Convex Optimization for Binary Classifier Aggregation in Multiclass Problems
This work addresses a gap in multiclass classification by providing an optimal aggregation method for binary classifiers, which is an incremental improvement over existing decomposition techniques like APs, OVA, and ECOC.
The paper tackles the problem of optimally aggregating binary classifiers for multiclass classification by proposing a convex optimization method that models class membership probabilities with a softmax function and uses regularized maximum likelihood estimation. The method outperforms existing aggregation and direct methods in classification accuracy and probability estimation quality on synthetic and real-world datasets.

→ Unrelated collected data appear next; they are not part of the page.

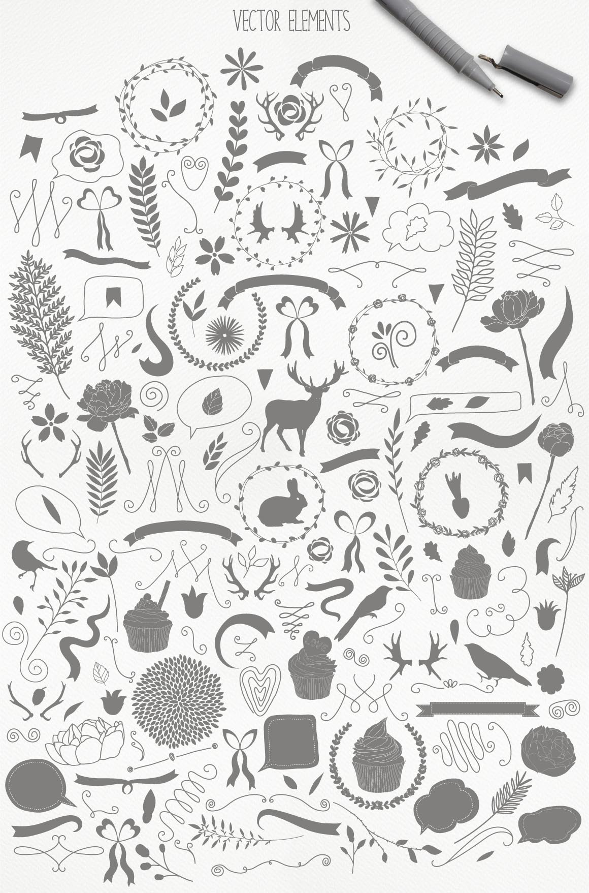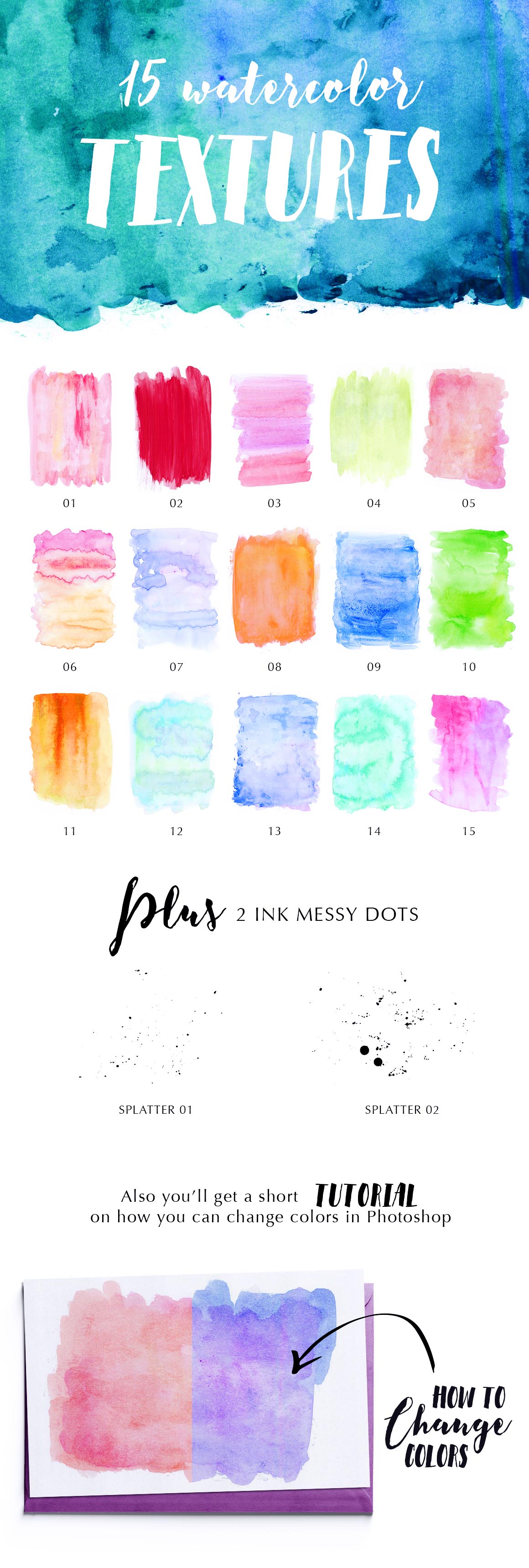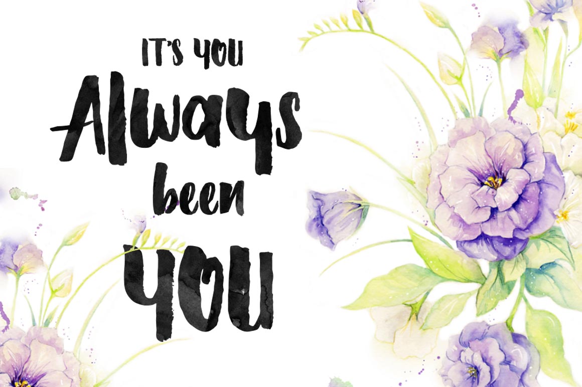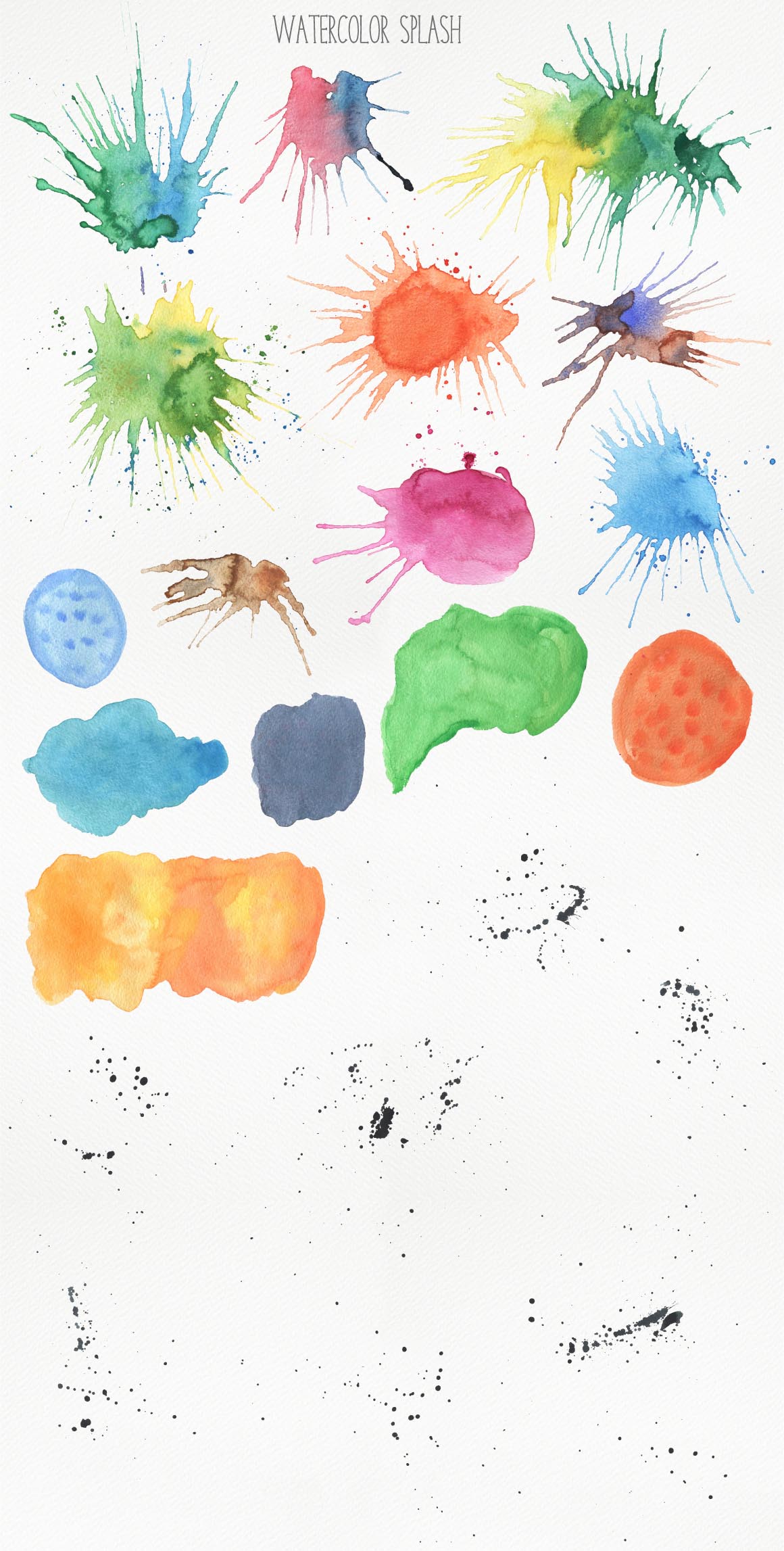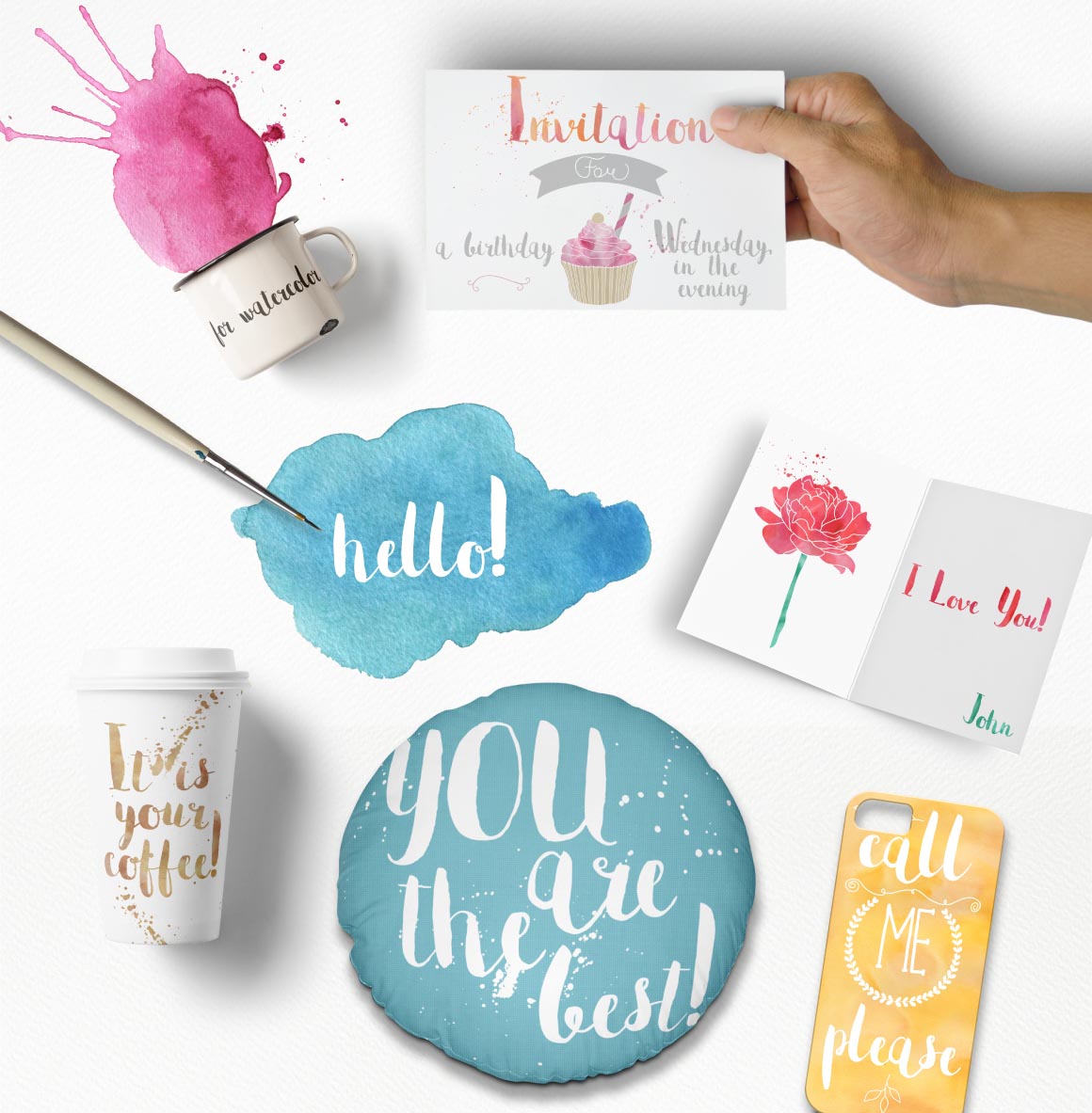 It’s watercolor font drawn by hand! Also in this package, I added a lot of free bonuses. It’s: 23 watercolor splashes; 44 watercolor textures; 200 vector elements; 16 catchwords.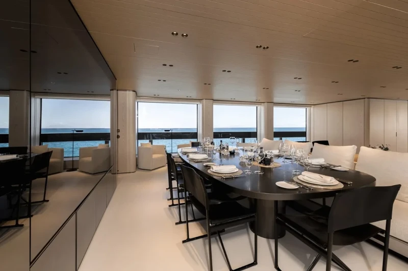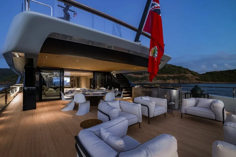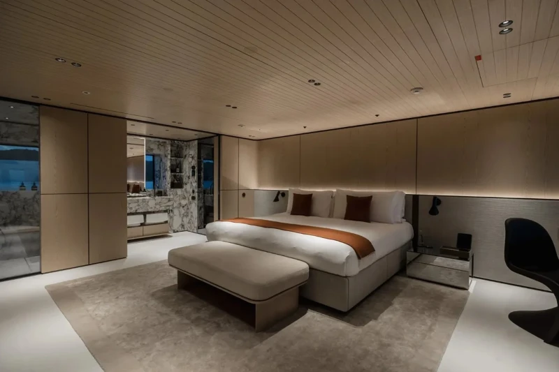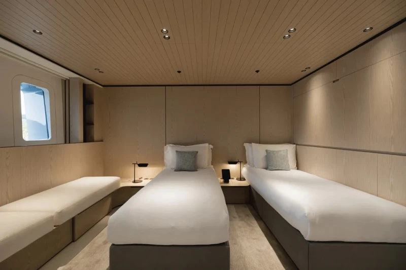 Built in 2023, Virtuosity offers guest accommodation for up to 12 guests in 6 suites comprising a master suite, one VIP cabin and two double cabins. The bed configuration includes 2 convertible. She is also capable of carrying up to 12 crew onboard to ensure a relaxed luxury yacht charter experience.
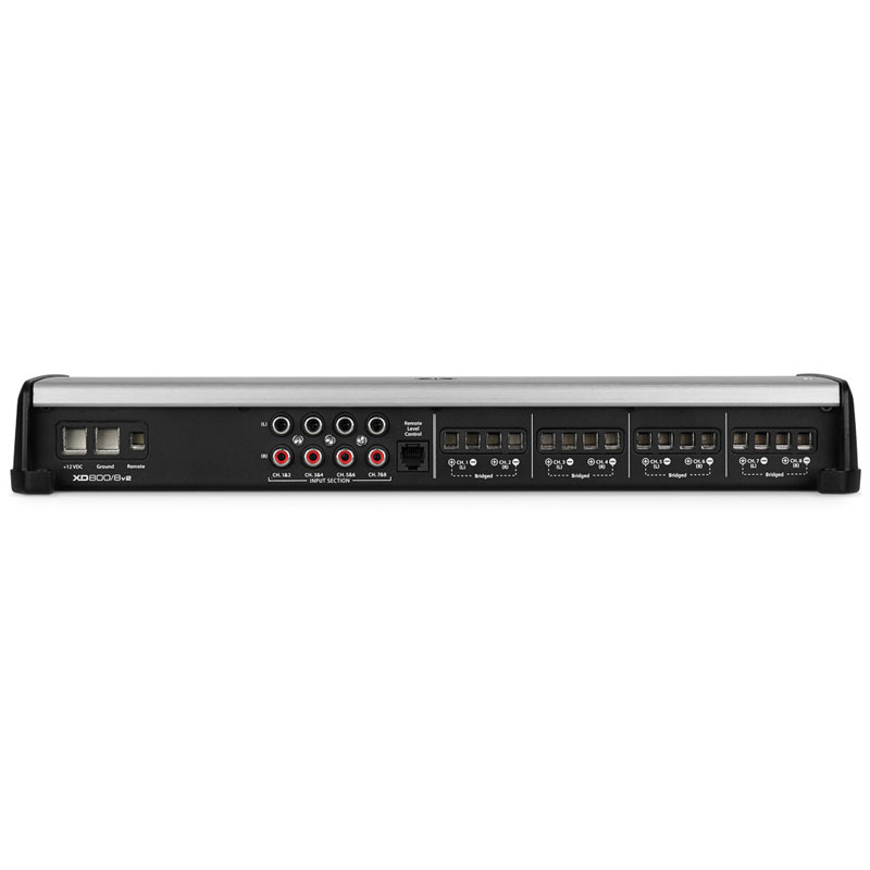 With its Class-D amp design, the JL Audio XD800/8v2 can deliver a power output of 75 Watts RMS at 4 ohms and 100 Watts RMS at 2 ohms per channel. It has a frequency response of 12 Hz to 22 kHz, allowing the amplifier to produce an extensive full-range frequency performance with minimal distortion. conditions.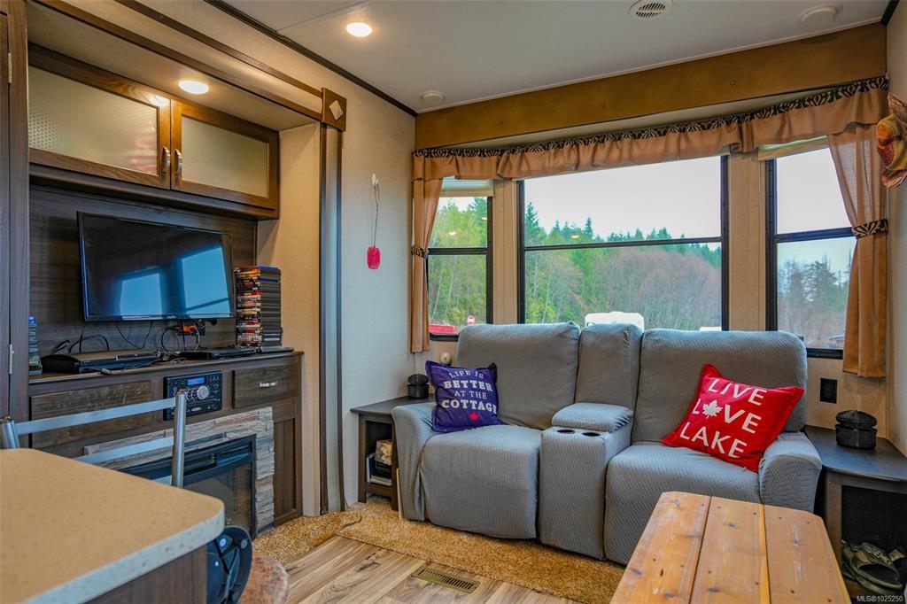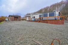 Relaxing summer living awaits in sought-after Salmon Beach. Set in a quiet, low-traffic location, this private retreat captures beautiful mountain views and the relaxed vibe of a true West Coast escape. The property comes fully equipped for effortless seasonal use, including a 2018 41-ft Residence trailer with loft, cedar deck, and much of the furnishings, bedding, and kitchenware included. Serviced with a water cistern, septic holding tank, and a powered station with multiple outlets including 220V,. Two sheds: one featuring a toilet, sink, bunk beds, fridge, and workshop space; the second serving as a pump house with an almost-complete shower stall plus washer/dryer hookups. A portable garage/shed ideal for storage or gear. Stroll downhill to the beach, private boat launch or enjoy tennis courts, playground, and easy access to world-class kayaking, fishing, surfing, and diving.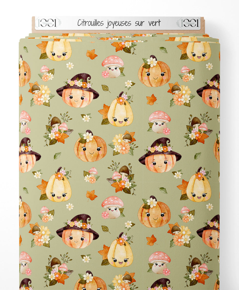 Les citrouilles portent des chapeaux ornés de fleurs blanches et oranges. Les champignons ont des têtes roses à pois blancs. Des feuilles d'érable orange et des petites fleurs blanches complètent le motif.Les tissus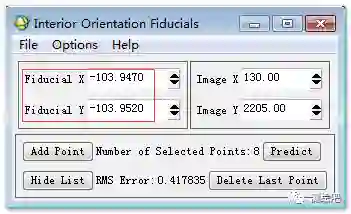 图2 Interior OrientationFiducials(内定向)窗口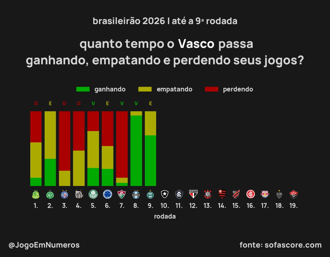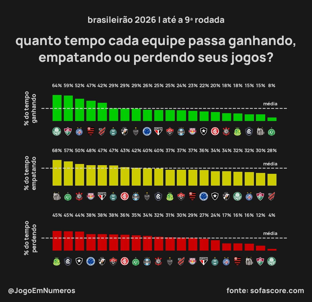 ⏲️ Quanto tempo cada time passa ganhando, empatando ou perdendo seus jogos? No fio, o detalhe por jogo de cada time! 🧶...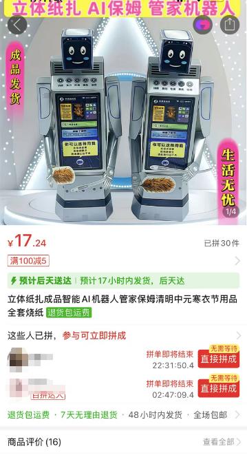 4月4日消息,清明节将至,继前两年纸扎iPhone、折叠屏手机、扫地机器人在祭祀市场走俏之后,今年清明的“赛博祭品”又迎来了一次全面的AI化升级。而这一次,AI大模型和智能机器人成了新晋顶流。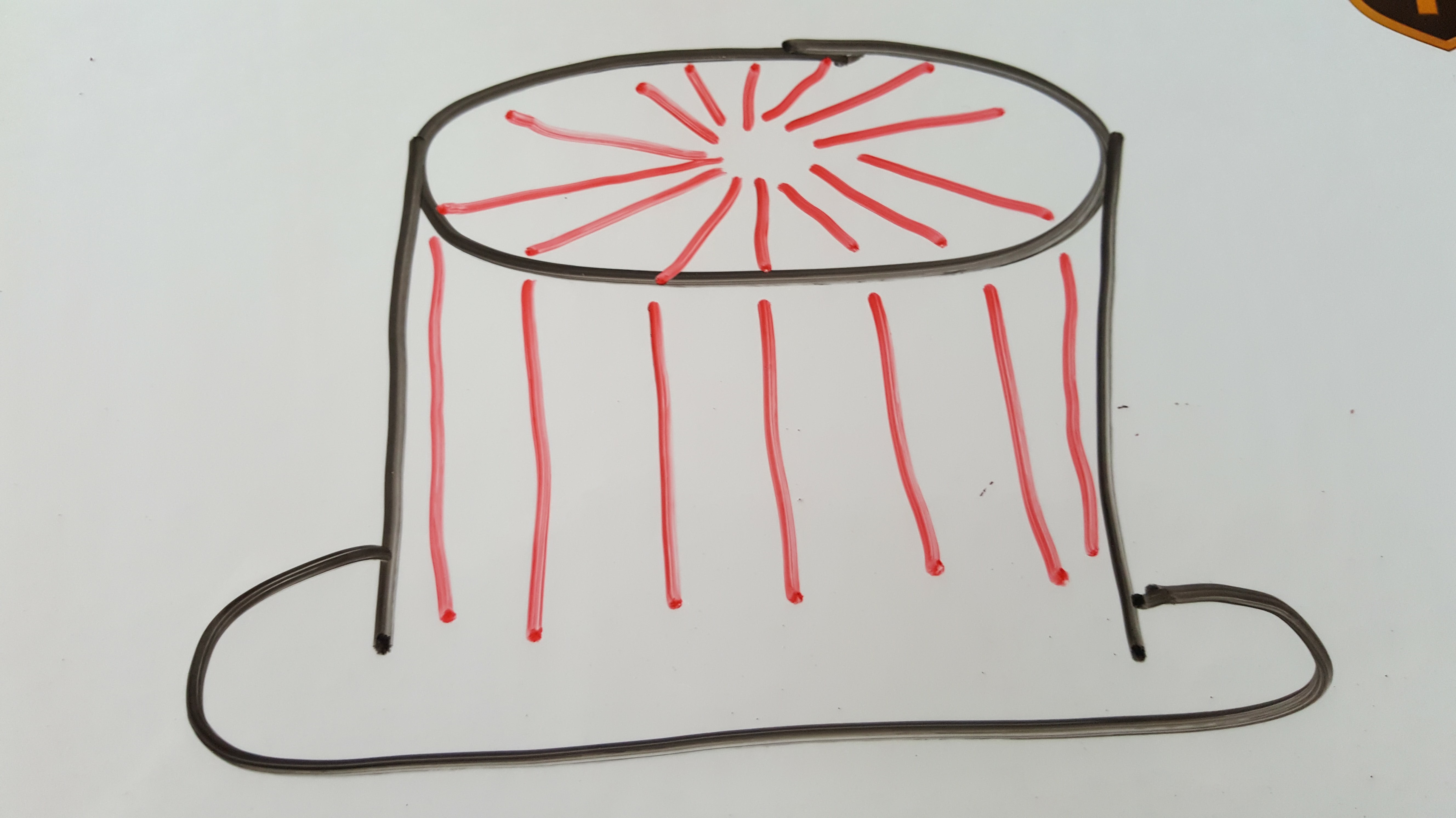 @marmil You’re visualizing correctly. The strips would start at the center of the top of the hat, run outwards to the edge, bend over the edge (will have to cut and wire connect them) and then run down the sides of the hat towards the brim. Here’s my elementary drawing - the red being the LED Strips. I’ve only seen hats done in the horizontal fashion, so of course I wanted to be different. But, there might be a very good reason they’re horizontal…

Multiclass problems are often decomposed into multiple binary problems that are solved by individual binary classifiers whose results are integrated into a final answer. Various methods, including all-pairs (APs), one-versus-all (OVA), and error correcting output code (ECOC), have been studied, to decompose multiclass problems into binary problems. However, little study has been made to optimally aggregate binary problems to determine a final answer to the multiclass problem. In this paper we present a convex optimization method for an optimal aggregation of binary classifiers to estimate class membership probabilities in multiclass problems. We model the class membership probability as a softmax function which takes a conic combination of discrepancies induced by individual binary classifiers, as an input. With this model, we formulate the regularized maximum likelihood estimation as a convex optimization problem, which is solved by the primal-dual interior point method. Connections of our method to large margin classifiers are presented, showing that the large margin formulation can be considered as a limiting case of our convex formulation. Numerical experiments on synthetic and real-world data sets demonstrate that our method outperforms existing aggregation methods as well as direct methods, in terms of the classification accuracy and the quality of class membership probability estimates.